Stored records
• • •
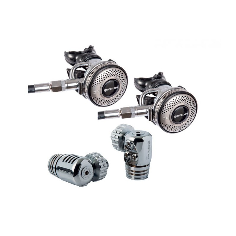 En este Kit, Mares a recurrido a la 1ª etapa 25XR, cual goza de las mismas prestaciones que su hermana mayor 75XR a excepción de la cantidad de salidas y orientación de las mismas. Las primeras 25XR disponen de las salidas en una sola de sus caras y están específicamente pensadas para montarse simétricamente el el bibotella. Esto combinado con la 2ª etapa DR, le dan las mismas prestaciones que al kit 75XR
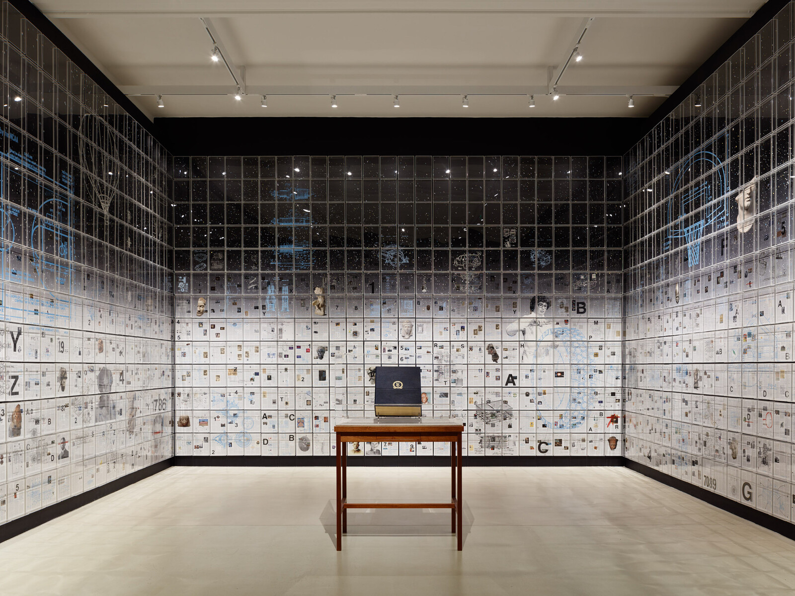 Strachan’s Encyclopedia is surrounded by 1,354 panels, titled EIGHTEEN NINETY (2020), made in UV ink, vinyl, oil stick, and collage. Each panel, about the size of an A4 page, is encased in a clear box and includes a page from Strachan’s encyclopedia, superimposed with collaged images of classical sculptures, handwriting, scientific diagrams, and other symbols. Further up, the printed text and writing fade into an image of a galaxy encasing the top of the walls. The Enlightenment idea of the encyclopedia as a neutral, inclusive repository of the knowledge of man is rejected on all levels here: by adopting the form while revising and annotating the content, and finally allowing it to dissolve into an image. History is alive, this work suggests, its telling an active process of addition and consideration.
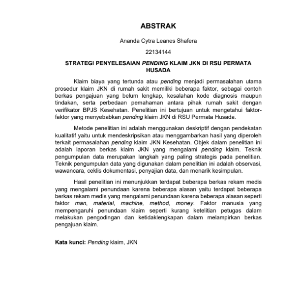 Shafera, Ananda Cytra Leanes and Widowati, Vidia and Mawardi, M. Imron (2025) STRATEGI PENYELESAIAN PENDING KLAIM JKN DI RSU PERMATA HUSADA. Diploma thesis, Politeknik Kesehatan Bhakti Setya Indonesia.
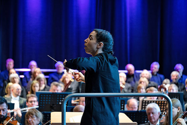 [Einsätze sowie Betonungen und musikalische Bewegungen verdeutlichte Dirigentin Bar Avni beeindruckend mit vollem Körpereinsatz und Mimik.]
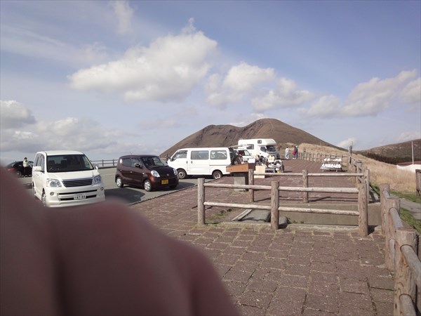 いつもの草千里に到着(手が写ってしまいましたm(_ _)m)
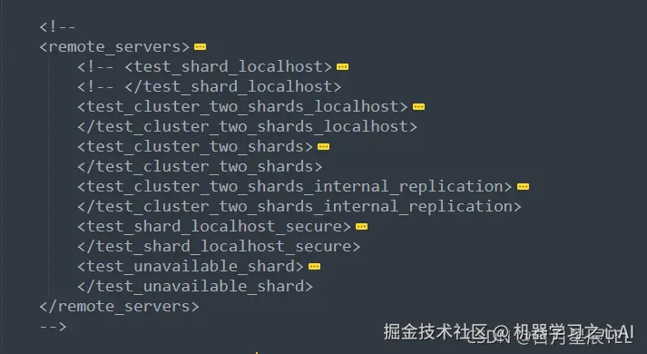 ①修改 /etc/clickhouse-server/config.xml 文件,把 remote_servers 标签的默认配置注释掉
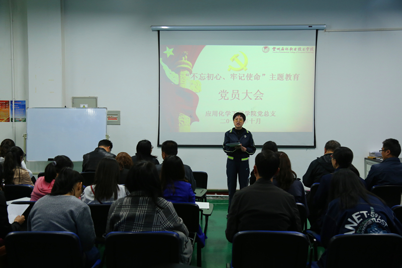 会上,公司党总支书记吴海霞带领全体教工党员学习了《中共兰州石化职业技术公司委员会关于深入抓好‘不忘初心、牢记使命’主题教育有关工作的通知”》;接着,按照大会议程,组织全体党员集体观看了“庆祝新中国成立70周年大阅兵录像”;最后,部分党员进行交流发言,龚占魁同志发表了自己的感想:“我们伟大的祖国从积弱到强盛,中华民族七十年砥砺奋进、风雨兼程,七十载的壮丽历程,我为祖国的强大、自信而倍感骄傲与自豪”;朱杭静同志在谈自己的感受时说:“在这个不需要抛头颅洒热血的时代,我们也要挑起属于自己的担子,高举习近平新时代中国特色社会主义思想伟大旗帜,不忘初心、牢记使命,为早日实现中国梦而不懈努力”。
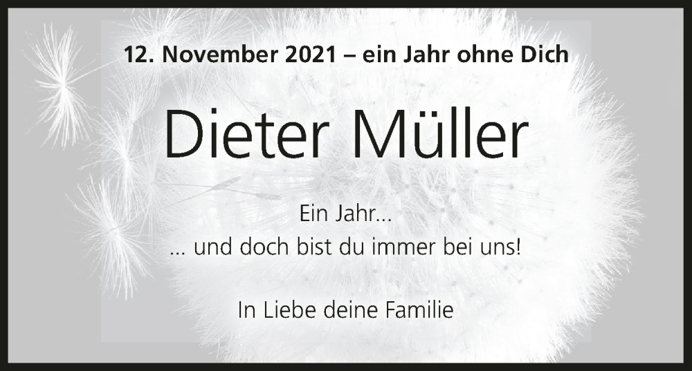 Hier finden Sie alle Traueranzeigen aus der Zeitung, die bisher für Dieter Müller erschienen sind. Weitere Traueranzeigen, die in der Zeitung erscheinen, werden hier ebenfalls aufgelistet
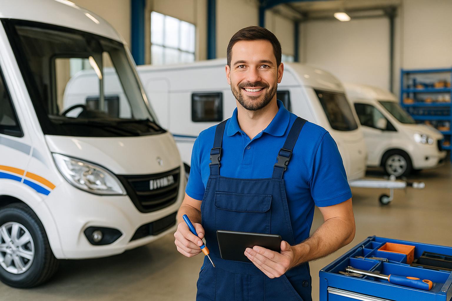Die Caravan Werkstatt ist auf die Reparatur, Wartung und Inspektion von Wohnmobilen und Wohnwagen spezialisiert. Hier führen erfahrene Fachkräfte sämtliche Serviceleistungen durch, von der Elektrik über die Fahrzeugtechnik bis hin zur Pflege von Innenausstattung und Zubehör.
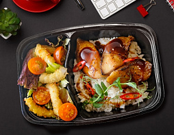 Ролл с морским окунем темпура, японским омлетом, грибами, соусом Спайси, сливочным сыром, такуаном и соус Терияки,
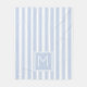 Soft Blue and White Ticking Stripe Monogram Fleece Blanket
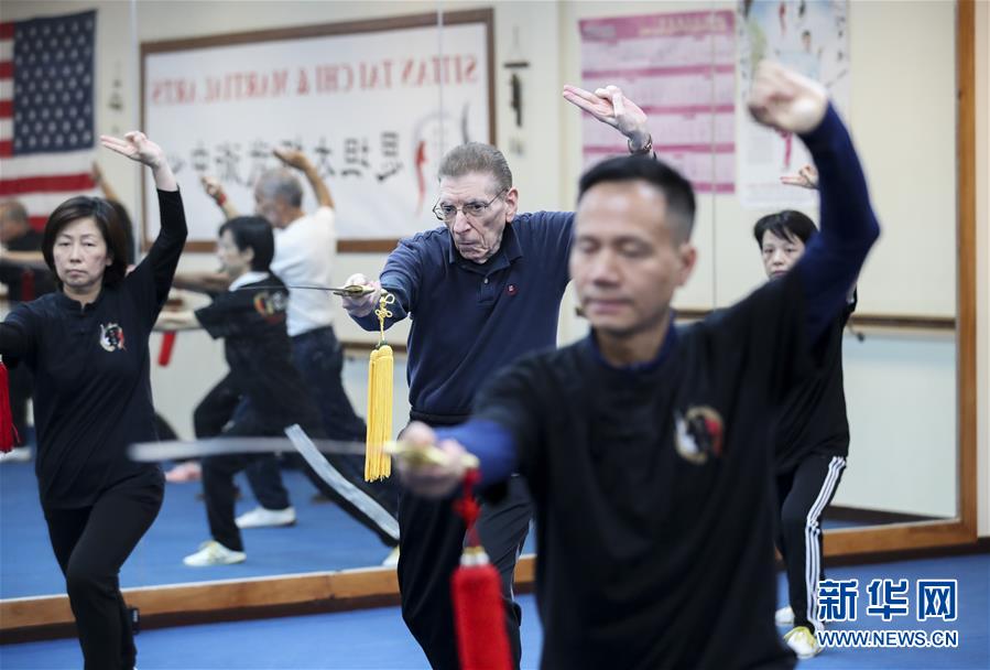 陳思坦在位于美國紐約長島的思坦太極武術(shù)中心帶學員練習太極劍(11月20日攝)。11月的紐約已進入初冬,位于美國紐約長島的思坦太極武術(shù)中心依然一片紅火景象,學員們從5歲的孩童到80多歲的老人,操練著太極拳、太極劍、長拳等武術(shù)招式。這里的主人陳思坦、林旭夫婦,也從早忙到晚,精心指導每一位學員的一招一式。6歲習武,22歲成為中國全國冠軍,26歲獲得首個世界冠軍……直到30歲退役,陳思坦在運動員生涯中曾獲得過32次國內(nèi)外各類武術(shù)大賽冠軍。36歲那年,懷著以太極拳和中國武術(shù)為媒介向世界推廣中國文化的夢想,陳思坦到美國紐約尋找新的舞臺。經(jīng)過十多年的艱苦打拼,陳思坦夫婦目前在紐約長島、法拉盛和曼哈頓都開設(shè)了長期的課程,思坦太極注冊在編的各個年齡段的學員近千人,有些“高徒”現(xiàn)在自己也開班授課,將太極推向更多地方。陳思坦夫婦現(xiàn)在思考更多的是如何將太極和武術(shù)推廣給更多的美國人,并讓他們理解其中蘊含的平衡、和諧的中國文化理念。他們創(chuàng)辦了紐約太極健身氣功活動日,在各類學校和社區(qū)開設(shè)太極或者武術(shù)課程,并利用美國的亞太裔文化月和多元文化節(jié)舉行武術(shù)和太極表演和體驗課程,讓更多美國人親眼看到、親身體會中國武術(shù)的魅力。從2011年起,他們還參與創(chuàng)辦了紐約太極大賽,如今已舉行九屆,吸引了美國、加拿大和中國國內(nèi)的隊伍參賽,影響力逐漸擴大。新華社記者王迎攝
• • •
Find the line with "Soft Blue and". Reproduce it and every line after it through the last line above exactly, leaving out the pictures.

_RESULT FOR THIS TASK_
 Soft Blue and White Ticking Stripe Monogram Fleece Blanket
 陳思坦在位于美國紐約長島的思坦太極武術(shù)中心帶學員練習太極劍(11月20日攝)。11月的紐約已進入初冬,位于美國紐約長島的思坦太極武術(shù)中心依然一片紅火景象,學員們從5歲的孩童到80多歲的老人,操練著太極拳、太極劍、長拳等武術(shù)招式。這里的主人陳思坦、林旭夫婦,也從早忙到晚,精心指導每一位學員的一招一式。6歲習武,22歲成為中國全國冠軍,26歲獲得首個世界冠軍……直到30歲退役,陳思坦在運動員生涯中曾獲得過32次國內(nèi)外各類武術(shù)大賽冠軍。36歲那年,懷著以太極拳和中國武術(shù)為媒介向世界推廣中國文化的夢想,陳思坦到美國紐約尋找新的舞臺。經(jīng)過十多年的艱苦打拼,陳思坦夫婦目前在紐約長島、法拉盛和曼哈頓都開設(shè)了長期的課程,思坦太極注冊在編的各個年齡段的學員近千人,有些“高徒”現(xiàn)在自己也開班授課,將太極推向更多地方。陳思坦夫婦現(xiàn)在思考更多的是如何將太極和武術(shù)推廣給更多的美國人,并讓他們理解其中蘊含的平衡、和諧的中國文化理念。他們創(chuàng)辦了紐約太極健身氣功活動日,在各類學校和社區(qū)開設(shè)太極或者武術(shù)課程,并利用美國的亞太裔文化月和多元文化節(jié)舉行武術(shù)和太極表演和體驗課程,讓更多美國人親眼看到、親身體會中國武術(shù)的魅力。從2011年起,他們還參與創(chuàng)辦了紐約太極大賽,如今已舉行九屆,吸引了美國、加拿大和中國國內(nèi)的隊伍參賽,影響力逐漸擴大。新華社記者王迎攝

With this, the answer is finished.